I went to see the Book of Kells at Trinity College yesterday as all good tourists named Kelly should. The book is on display in the Old Library, which was built in 1732.
Aside from the Book of Kells, the Old Library is home to The Long Room (not that long, really, just 65 metres). Right now the Long Room is playing host to a fascinating, if undercurated, exhibit called "Irish Genius: The Yeats Family & the Cuala Press."
Inspired by the Arts and Crafts movement, W.B.'s sisters Elizabeth Corbett Yeats and Lily Yeats, along with Evelyn Gleeson, the daughter of an Irish doctor, established the Cuala Press (originally the Dun Emer Press) in 1902 [Bartleby entry]. Cuala was the most important literary publishing house in Dublin in the first half of the twentieth century, publishing Yeats, Joyce, Gogarty, Synge and many others.
Elizabeth Corbett, originally an art teacher, was in charge of the printing, while her sister Lily did the embroidery and Evelyn did the weaving for the press. Brother John (Jack) Yeats, a painter of some repute, did much of the illustration. Jack's wife Mary Cotterham-Yeats, who he met at Art College, made the designed for Lily's embroidery. William Butler was on the masthead as literary advisor. Cuala also sometimes employed "lithographer, engraver, master printer and typographic designer" Sir Emery Walker.
Cuala certainly succeeded in its objective "to find work for Irish Hands in the making of beautiful things." I leaned heavily on the glass cases, wishing to reach in and touch some of the more gorgeous items on display.
I particularly love the long and windy colophons -- scribal notes -- that E.C. put in red ink at the end of all the books Cuala published.

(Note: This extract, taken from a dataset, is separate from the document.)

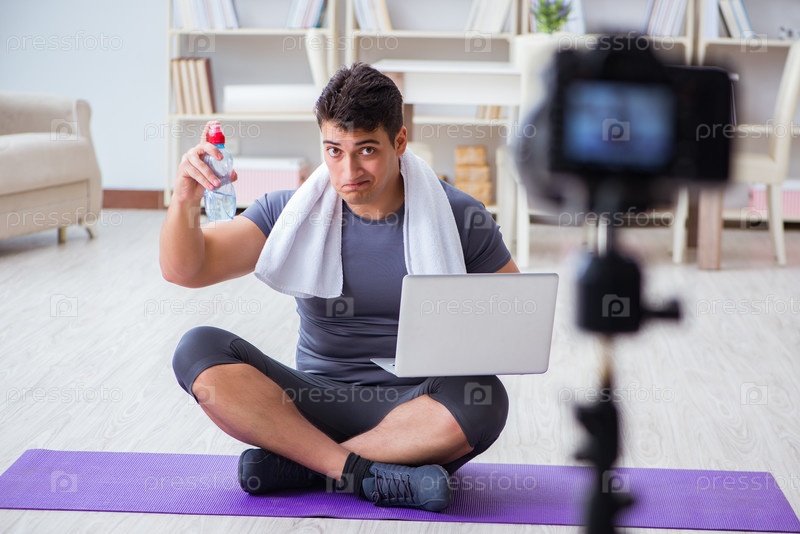 Спорт и здоровье блоггер записывает видео в спортивной концепции

An example:
Here ends 'Certain Noble Plays of Japan:' From the Manuscripts of Ernest Fenollosa, chosen and finished by Ezra Pound. Printed and Published by Elizabeth Corbett Years at the Cuala Press, Churchtown, Dundrum, in the county of Dublin, Ireland. Finished on the Twentieth Day of July, In the eyar of the Sinn Fein rising, Nineteen Hundred and Sixteen.Another one, at the end of W.B. Yeats' "In the Seven Woods," notes that the book was published in "The Year of the Big Wind, Nineteen Hundred and Three." (Joyce parodied Cuala's wordy colophons in the first chapter of Ulysses.)
(For those interested in typography, Cuala used Caslon type, a classic 18th Century typeface.)
The Book of Kells was wonderful too, needless to say. I did, however, end up spending more time perusing the exhibit about the Cuala Press. The two together were a one-two Irish bookmaking knockout.